Aim of the task:
Nothing but the lines below between the line holding "江蘇:金湖郵政迎風(fēng)冒雪保障防疫用品寄遞" and the line holding "This kit captures", inclusive, should appear in the answer, each set down exactly.

Recorded data:
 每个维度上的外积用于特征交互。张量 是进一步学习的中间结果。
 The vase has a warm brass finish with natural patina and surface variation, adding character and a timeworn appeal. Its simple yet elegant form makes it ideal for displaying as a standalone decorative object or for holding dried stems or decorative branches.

==

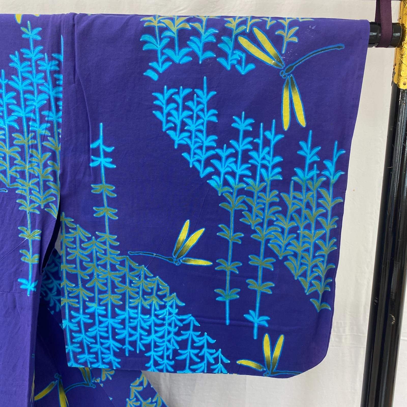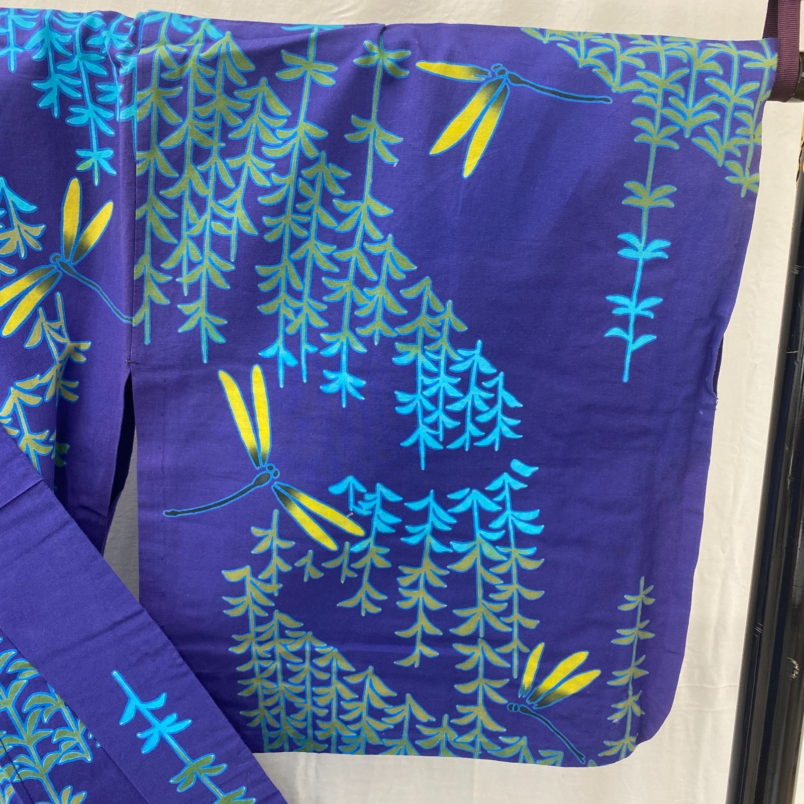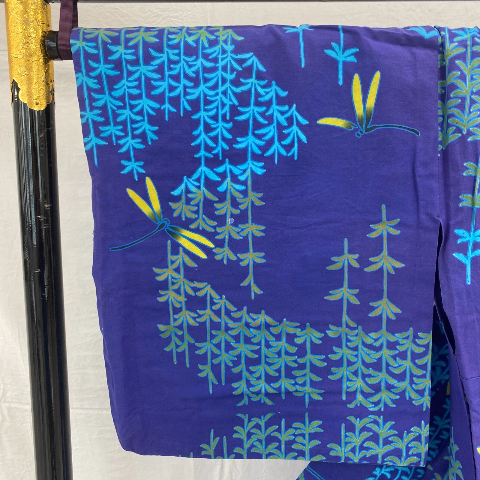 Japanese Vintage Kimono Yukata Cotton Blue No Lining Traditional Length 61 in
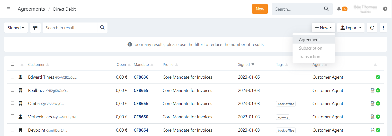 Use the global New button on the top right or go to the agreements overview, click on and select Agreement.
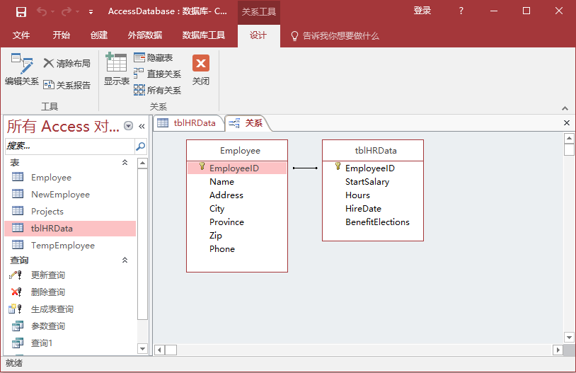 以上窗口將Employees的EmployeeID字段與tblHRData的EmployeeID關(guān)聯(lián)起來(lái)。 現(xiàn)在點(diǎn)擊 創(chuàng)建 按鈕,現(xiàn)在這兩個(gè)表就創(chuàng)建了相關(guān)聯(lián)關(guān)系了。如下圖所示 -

...

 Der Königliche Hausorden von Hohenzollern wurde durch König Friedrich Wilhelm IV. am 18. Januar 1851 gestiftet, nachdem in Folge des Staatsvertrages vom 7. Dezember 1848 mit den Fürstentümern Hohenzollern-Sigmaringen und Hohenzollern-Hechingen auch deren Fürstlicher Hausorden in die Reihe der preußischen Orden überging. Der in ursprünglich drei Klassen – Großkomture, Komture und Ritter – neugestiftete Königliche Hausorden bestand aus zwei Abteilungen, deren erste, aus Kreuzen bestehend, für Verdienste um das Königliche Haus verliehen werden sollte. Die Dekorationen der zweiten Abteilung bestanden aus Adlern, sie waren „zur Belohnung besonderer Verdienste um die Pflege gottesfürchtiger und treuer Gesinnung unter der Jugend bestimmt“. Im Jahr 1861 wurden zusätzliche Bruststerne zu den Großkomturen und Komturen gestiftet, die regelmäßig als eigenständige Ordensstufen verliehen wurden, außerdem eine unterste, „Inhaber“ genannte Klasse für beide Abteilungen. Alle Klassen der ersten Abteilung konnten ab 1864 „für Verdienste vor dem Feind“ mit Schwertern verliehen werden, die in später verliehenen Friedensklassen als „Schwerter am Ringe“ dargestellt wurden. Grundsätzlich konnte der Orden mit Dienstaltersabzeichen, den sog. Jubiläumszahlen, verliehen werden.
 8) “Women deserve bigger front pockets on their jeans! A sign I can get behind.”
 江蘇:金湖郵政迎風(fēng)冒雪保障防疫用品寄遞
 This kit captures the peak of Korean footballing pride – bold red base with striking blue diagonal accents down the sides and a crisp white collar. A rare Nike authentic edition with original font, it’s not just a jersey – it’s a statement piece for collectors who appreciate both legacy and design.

Finished exercise:
 江蘇:金湖郵政迎風(fēng)冒雪保障防疫用品寄遞
 This kit captures the peak of Korean footballing pride – bold red base with striking blue diagonal accents down the sides and a crisp white collar. A rare Nike authentic edition with original font, it’s not just a jersey – it’s a statement piece for collectors who appreciate both legacy and design.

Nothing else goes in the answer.